▶ _AVAILABLE DATA_
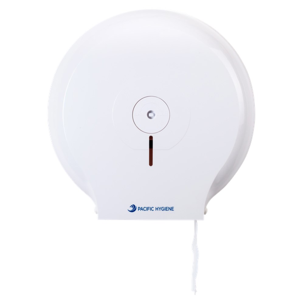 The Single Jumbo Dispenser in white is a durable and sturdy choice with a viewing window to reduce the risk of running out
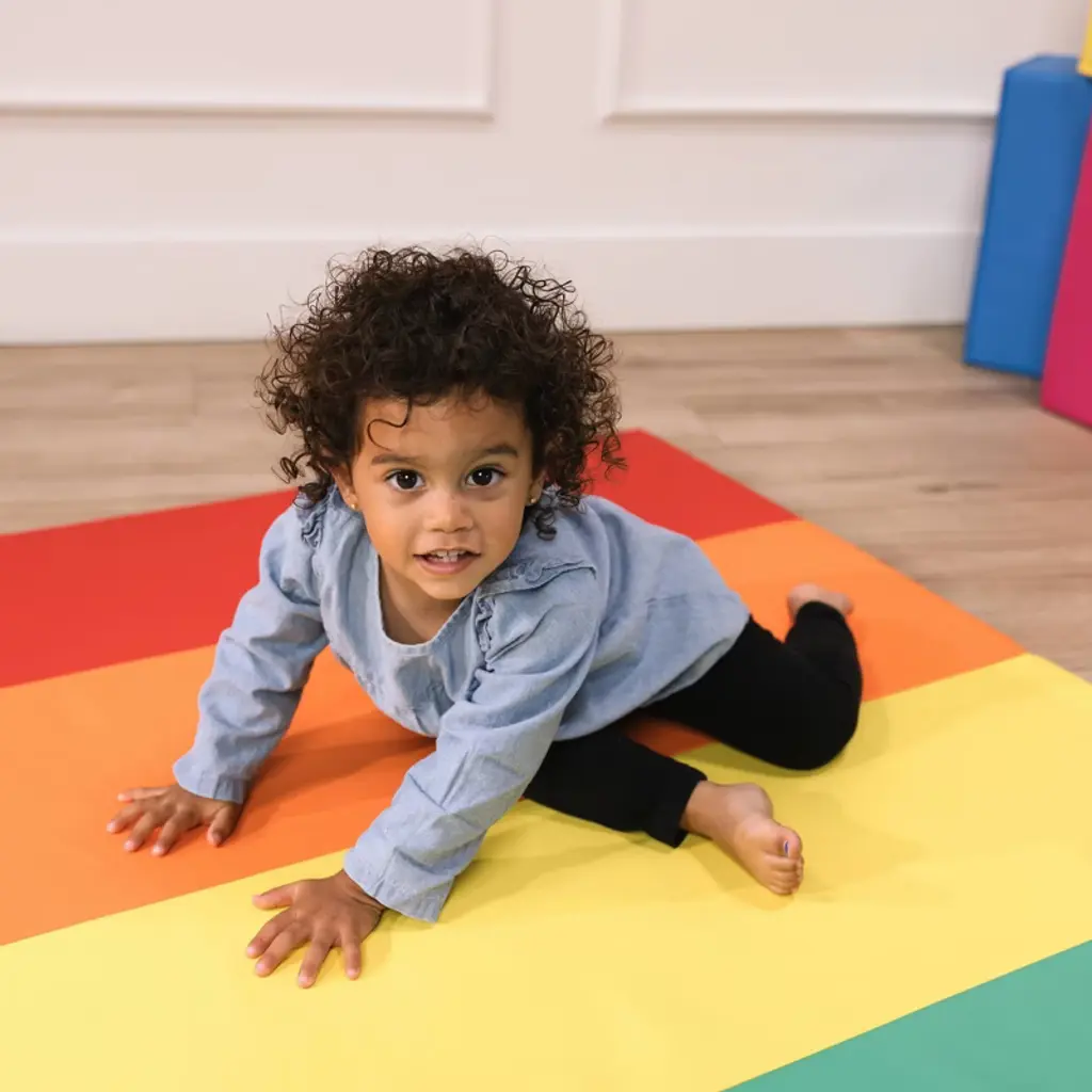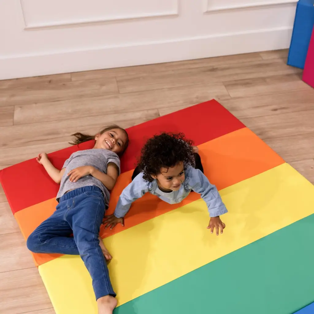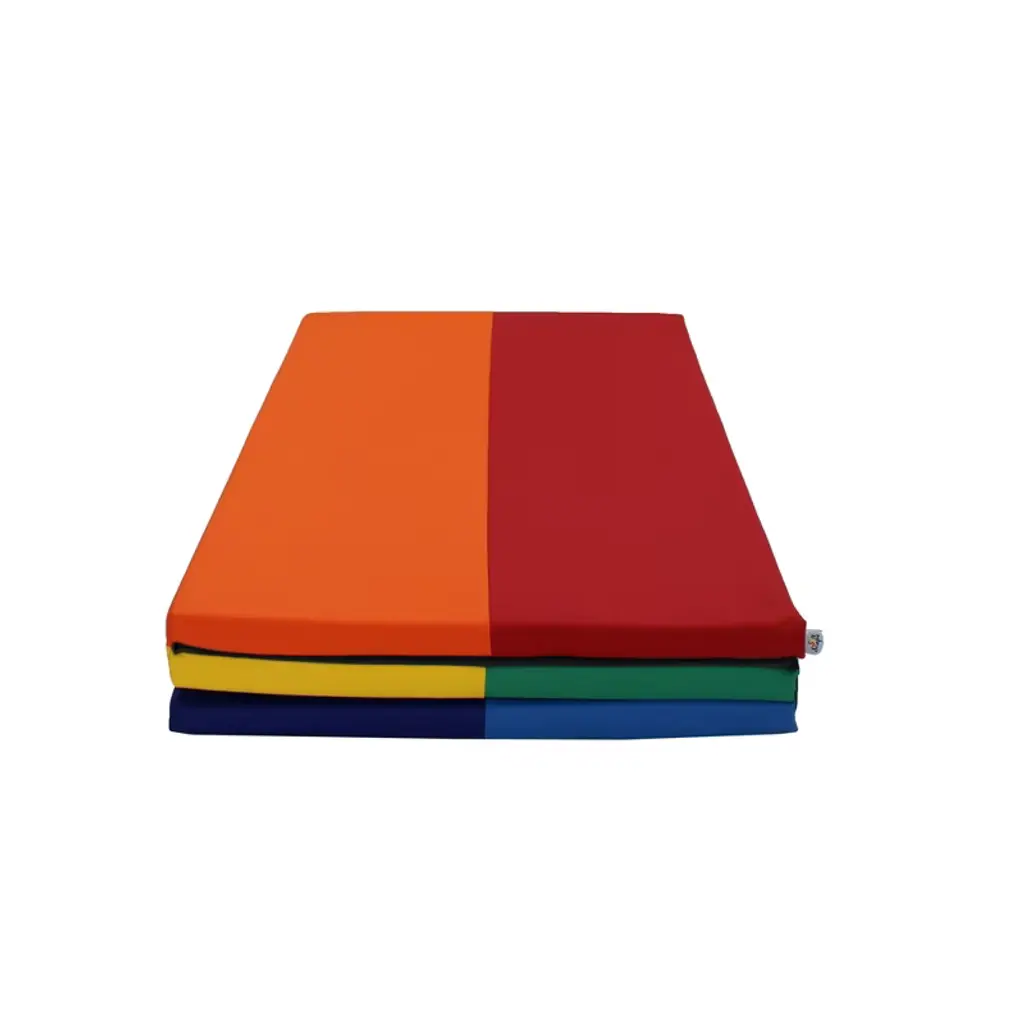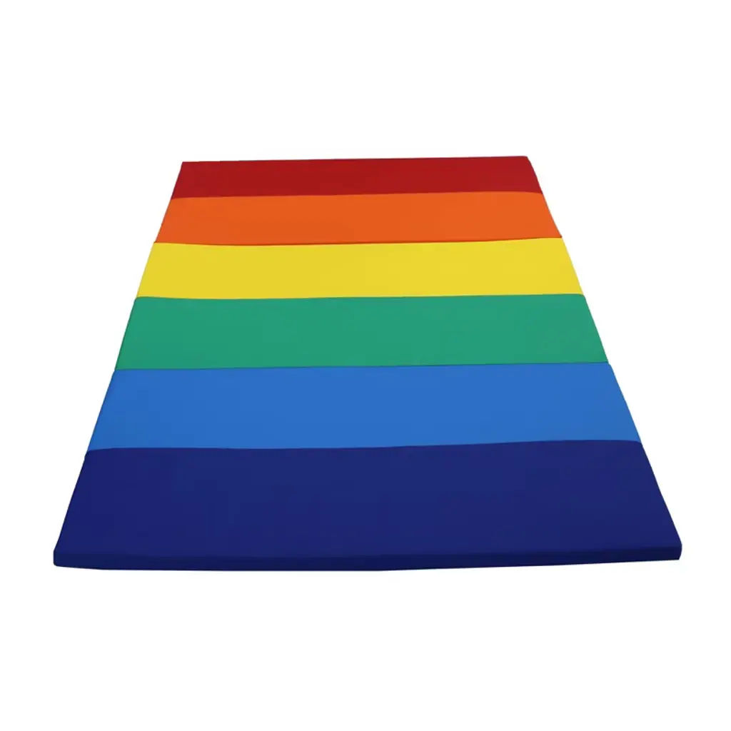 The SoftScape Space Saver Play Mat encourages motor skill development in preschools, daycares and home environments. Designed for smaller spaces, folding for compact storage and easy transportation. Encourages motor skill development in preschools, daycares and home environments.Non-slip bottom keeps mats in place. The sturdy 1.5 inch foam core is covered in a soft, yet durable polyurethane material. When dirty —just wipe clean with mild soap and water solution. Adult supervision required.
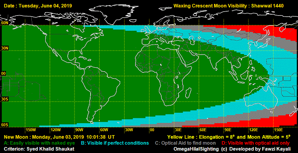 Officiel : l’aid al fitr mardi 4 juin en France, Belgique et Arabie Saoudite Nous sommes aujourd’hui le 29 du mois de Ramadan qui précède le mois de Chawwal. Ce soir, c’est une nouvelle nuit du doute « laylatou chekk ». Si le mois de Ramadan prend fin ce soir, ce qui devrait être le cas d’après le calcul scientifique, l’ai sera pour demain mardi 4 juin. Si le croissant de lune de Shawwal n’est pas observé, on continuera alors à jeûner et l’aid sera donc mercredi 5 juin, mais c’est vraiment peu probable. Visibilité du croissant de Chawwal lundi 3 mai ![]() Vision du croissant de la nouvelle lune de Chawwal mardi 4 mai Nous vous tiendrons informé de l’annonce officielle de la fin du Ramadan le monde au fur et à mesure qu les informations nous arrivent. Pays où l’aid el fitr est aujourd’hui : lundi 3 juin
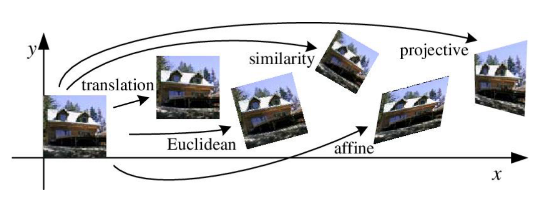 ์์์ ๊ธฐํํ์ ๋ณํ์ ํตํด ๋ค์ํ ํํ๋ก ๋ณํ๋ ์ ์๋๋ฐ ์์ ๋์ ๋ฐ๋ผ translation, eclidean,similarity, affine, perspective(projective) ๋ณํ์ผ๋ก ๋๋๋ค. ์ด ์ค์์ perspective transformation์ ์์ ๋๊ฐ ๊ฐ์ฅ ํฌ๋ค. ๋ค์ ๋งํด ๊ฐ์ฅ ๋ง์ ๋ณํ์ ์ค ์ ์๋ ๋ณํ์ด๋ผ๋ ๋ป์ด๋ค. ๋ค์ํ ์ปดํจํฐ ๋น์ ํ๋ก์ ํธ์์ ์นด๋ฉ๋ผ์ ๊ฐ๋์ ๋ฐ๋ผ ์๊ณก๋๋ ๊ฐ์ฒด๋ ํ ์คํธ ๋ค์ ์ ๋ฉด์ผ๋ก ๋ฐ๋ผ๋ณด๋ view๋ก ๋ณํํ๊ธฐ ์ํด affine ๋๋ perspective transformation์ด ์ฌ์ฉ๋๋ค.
--
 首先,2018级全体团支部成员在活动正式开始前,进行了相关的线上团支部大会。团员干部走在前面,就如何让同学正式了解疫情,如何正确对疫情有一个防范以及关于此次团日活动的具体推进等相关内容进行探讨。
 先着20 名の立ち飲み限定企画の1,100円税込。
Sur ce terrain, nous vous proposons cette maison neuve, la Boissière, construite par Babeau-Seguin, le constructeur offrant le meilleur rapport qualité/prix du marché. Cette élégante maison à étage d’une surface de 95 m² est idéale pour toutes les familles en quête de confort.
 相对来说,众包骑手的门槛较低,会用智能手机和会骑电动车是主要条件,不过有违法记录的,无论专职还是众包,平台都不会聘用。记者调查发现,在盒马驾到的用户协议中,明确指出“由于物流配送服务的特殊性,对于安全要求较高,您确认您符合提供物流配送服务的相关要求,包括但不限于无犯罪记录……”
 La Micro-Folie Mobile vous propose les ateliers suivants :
==
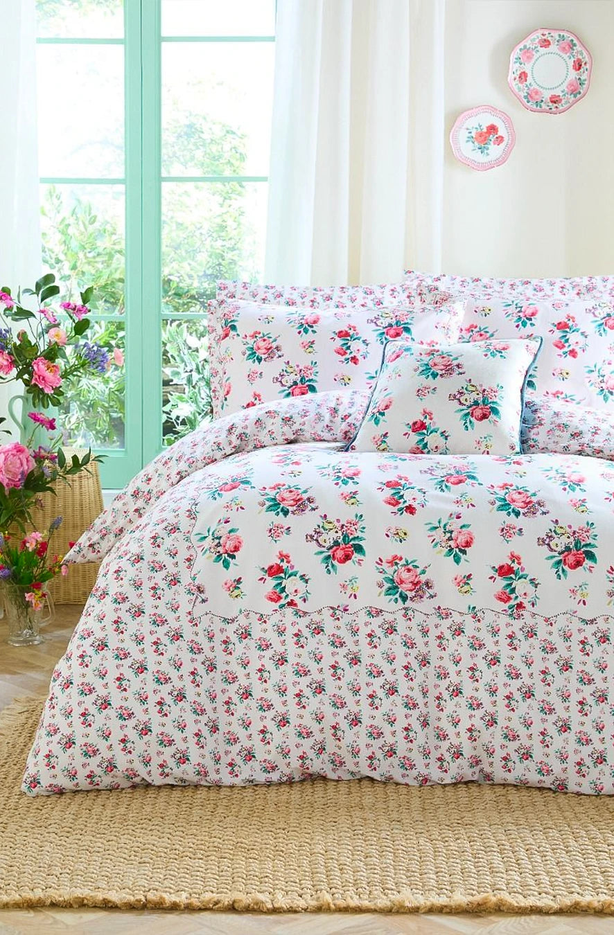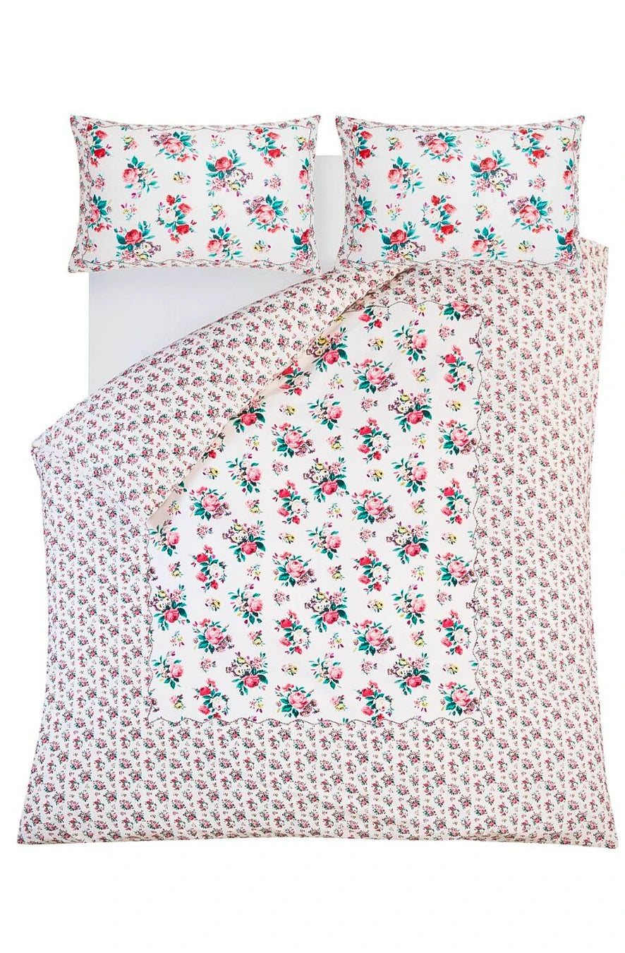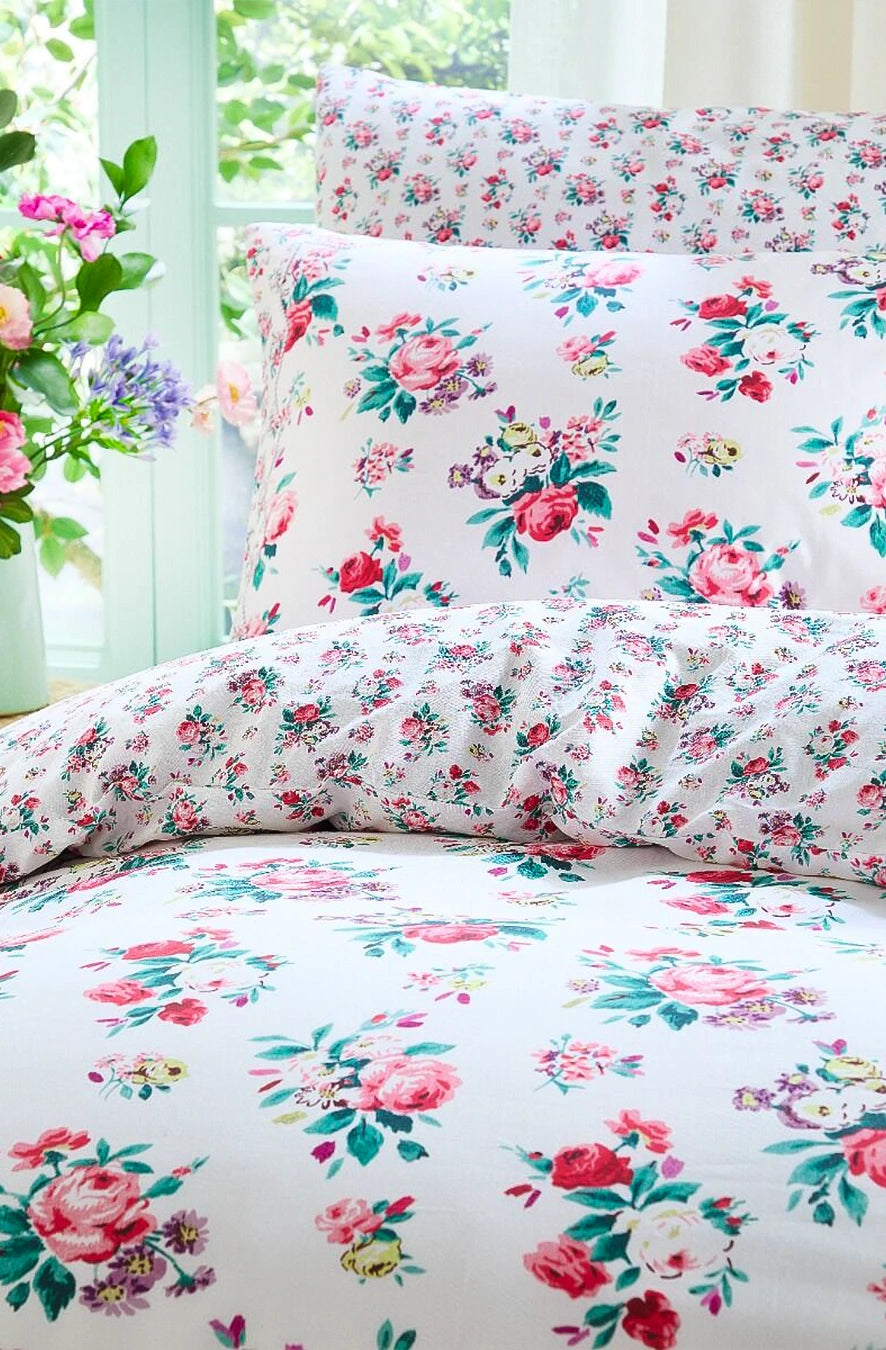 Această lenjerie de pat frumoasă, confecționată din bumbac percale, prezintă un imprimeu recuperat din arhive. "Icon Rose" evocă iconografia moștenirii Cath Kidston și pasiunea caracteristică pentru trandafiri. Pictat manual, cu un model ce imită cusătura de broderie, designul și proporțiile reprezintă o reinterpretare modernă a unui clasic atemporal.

▶ _ASSIGNMENT_
Among the records above, only the lines between the line holding "相对来说,众包骑手的门槛较低" and the line holding "La Micro-Folie Mobile", inclusive, are to be output, exactly as written.

▶ _ANSWER FOR THIS EXERCISE_
 相对来说,众包骑手的门槛较低,会用智能手机和会骑电动车是主要条件,不过有违法记录的,无论专职还是众包,平台都不会聘用。记者调查发现,在盒马驾到的用户协议中,明确指出“由于物流配送服务的特殊性,对于安全要求较高,您确认您符合提供物流配送服务的相关要求,包括但不限于无犯罪记录……”
 La Micro-Folie Mobile vous propose les ateliers suivants :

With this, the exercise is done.